Published in 2016
216 pages
Michelle Leon is a freelance writer, musician, and teacher. She was the bass player for the influential punk band Babes in Toyland from 1987 to 1992 and again in 1997. Her writing has appeared in City Pages, the music essay compilation The First Time I Heard David Bowie, Saint Paul Almanac, VitaMN, Haute Dish, and Your Flesh magazine. Michelle holds an MFA in Creative Writing from Goddard College. She lives on the east side of St. Paul with her husband, two children, and three dogs.
What is this book about?
Babes in Toyland burst onto the Minneapolis music scene in the late 1980s and quickly established itself at the forefront of punk/alternative rock. The all-female trio featured a shy, seventeen-year-old Jewish teen from the suburbs on bass guitar—an instrument she had never played before joining the band.

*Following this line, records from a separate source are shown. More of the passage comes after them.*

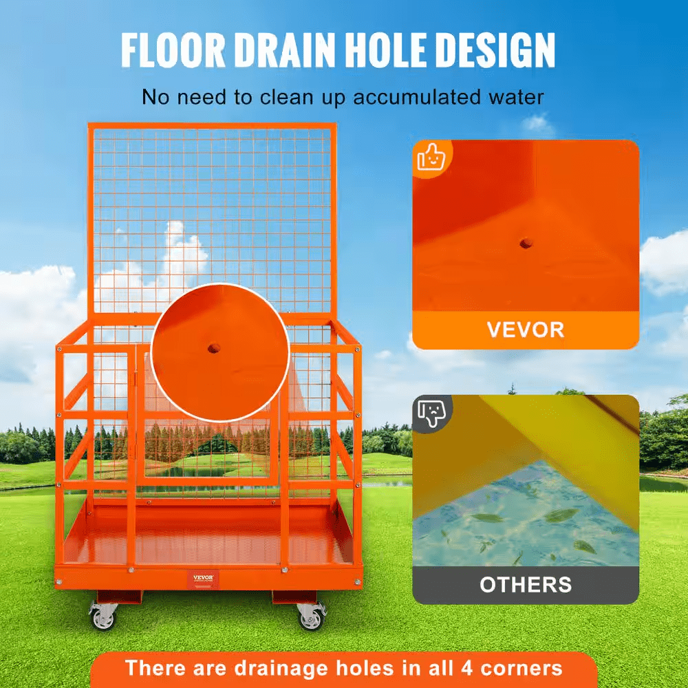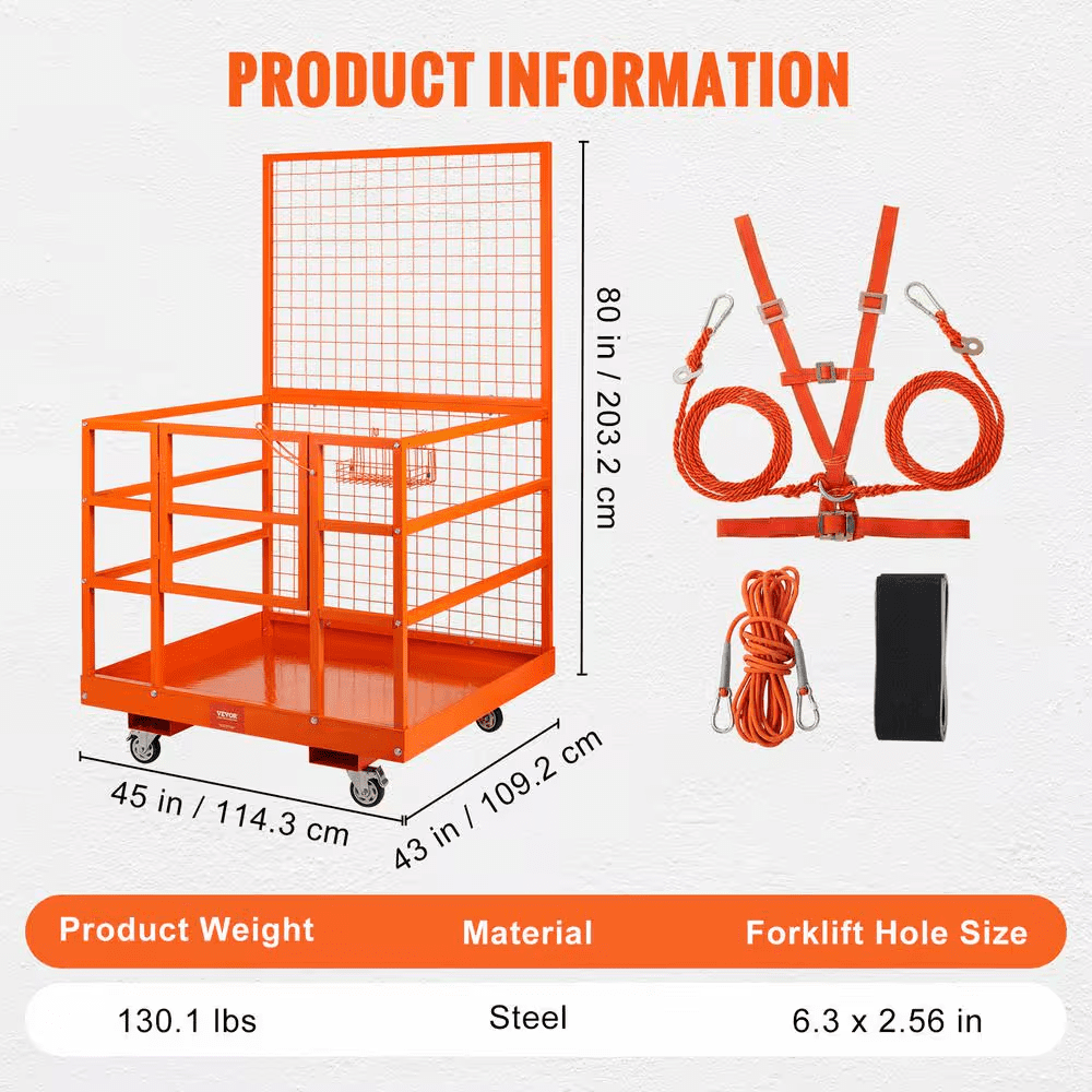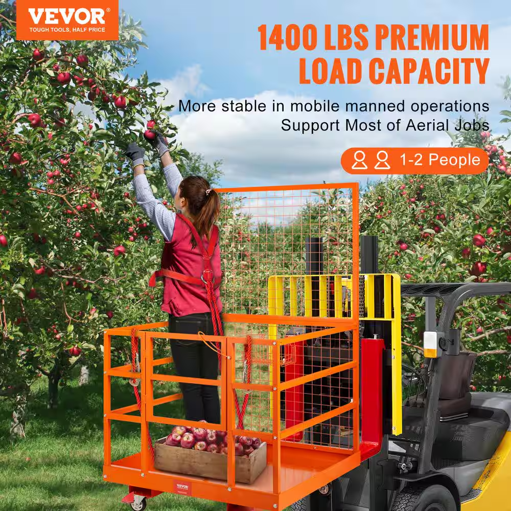VEVOR Forklift Work Platform. VEVOR forklift safety cage can bear 1400 lbs. and carry 1-2 people simultaneously. It is suitable for any standard forklift or pallet loader and is the best helper for aerial work.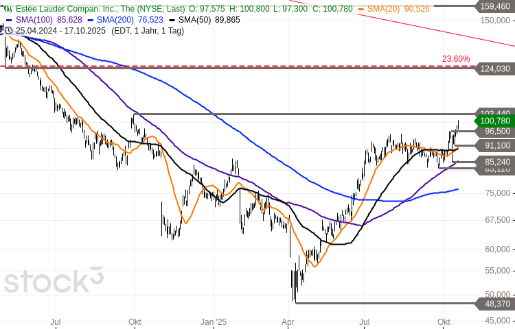 Die Aktie von Estée Lauder (WKN: 897933) war von einem im Januar 2022 bei 374,20 USD markierten Rekordhoch bis auf ein im April dieses Jahres bei 48,37 USD verzeichnetes 14-Jahres-Tief eingebrochen. Hiervon ausgehend etablierte sie einen mittelfristigen Aufwärtstrend. Dieser Kursschub wurde zuletzt von einer ausgeprägten Seitwärtskorrektur unterbrochen. Am vergangenen Freitag gelang schließlich der dynamische Ausbruch aus der Stauzone auf ein 13-Monats-Hoch. Als potenzielle nächste Ausdehnungsziele für die Rally fungieren die Bereiche 103,10/103,44 USD, 104,77 USD, 107,82 USD und 109,88 USD. In der mittleren Frist könnte das 23,6%-Fibonacci-Retracement der Baisse bei 125,27 USD angesteuert werden. Mit Blick auf die Unterseite lassen sich nächste Supportbereiche bei 95,47/96,50 USD und 89,87-91,10 USD ausmachen. Die Bullen bleiben in einer starken Position, solange die letztgenannte Zone nicht per Tagesschluss unterboten wird. Darunter wäre ein neuerlicher Test der mittelfristig kritischen Supportzone 83,12-85,63 USD einzuplanen.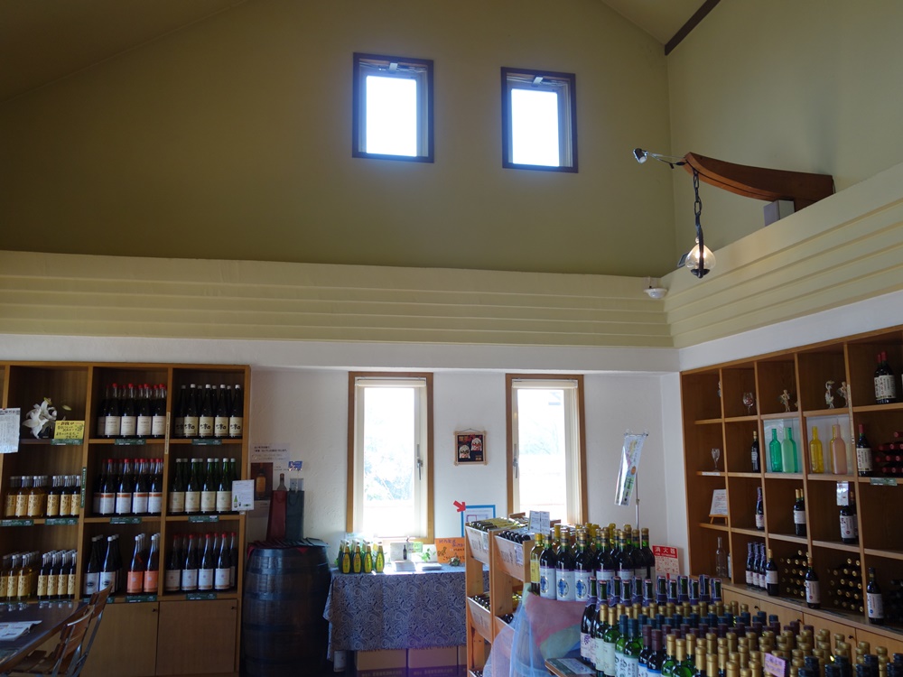 赤い屋根の建物がかわいらしいワイナリーです。冷蔵庫にたくさんの試飲用ボトルが入っていて自由に試飲できます。ジュースもあります。あまりに種類が多くて、奥の方に入っているボトルまで取り出す気力がなくなってしまう・・・。天井が高く広々としていて明るい店内でした。地下も自由に見学できました。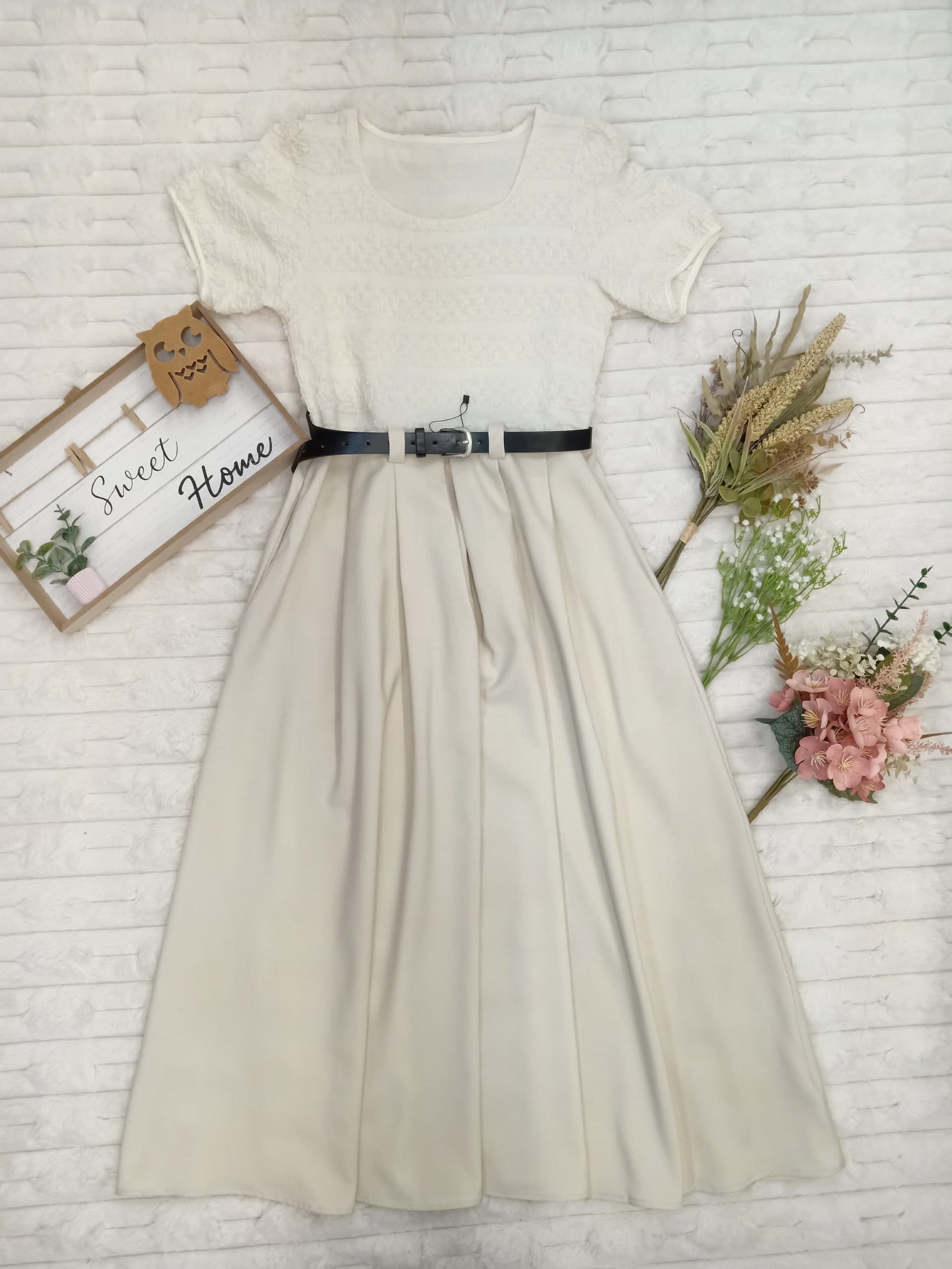 Roundneck Belted Midi Dress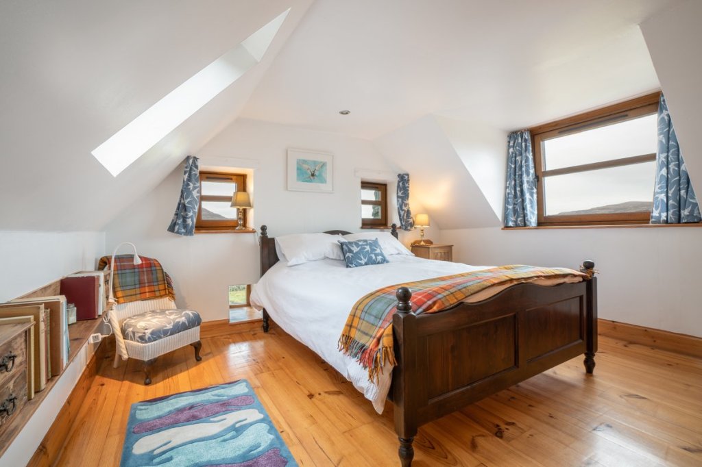 Torr Na Locha sits in the middle of Croft 24 on Ardtun on the Ross of Mull Near Bunessan. It sits opposite Berg with its waterfalls that blow upwards for at least half the year! It looks straight down Loch Scridain towards Pennyghael and Ben More with stunning views across to Staffa and the Treshnish Isles out to open sea.

Over the next few years, Michelle Leon lived the rock-and-roll lifestyle—playing live concerts, recording in studios, touring across the United States and Europe, and spending endless hours in stuffy vans, staying in two-star motels, and sleeping on strangers’ couches in town after town. The grind and drama of life in the band gradually wore on Leon, however, and a heartbreaking tragedy led her to rethink her commitment to the band and the music scene.
Leon’s sensitive, sensory prose puts readers right on stage with Babes in Toyland while also conveying the uncertainty, vulnerability, and courage needed by a girl who never felt like she fit in to somehow find her place in the world.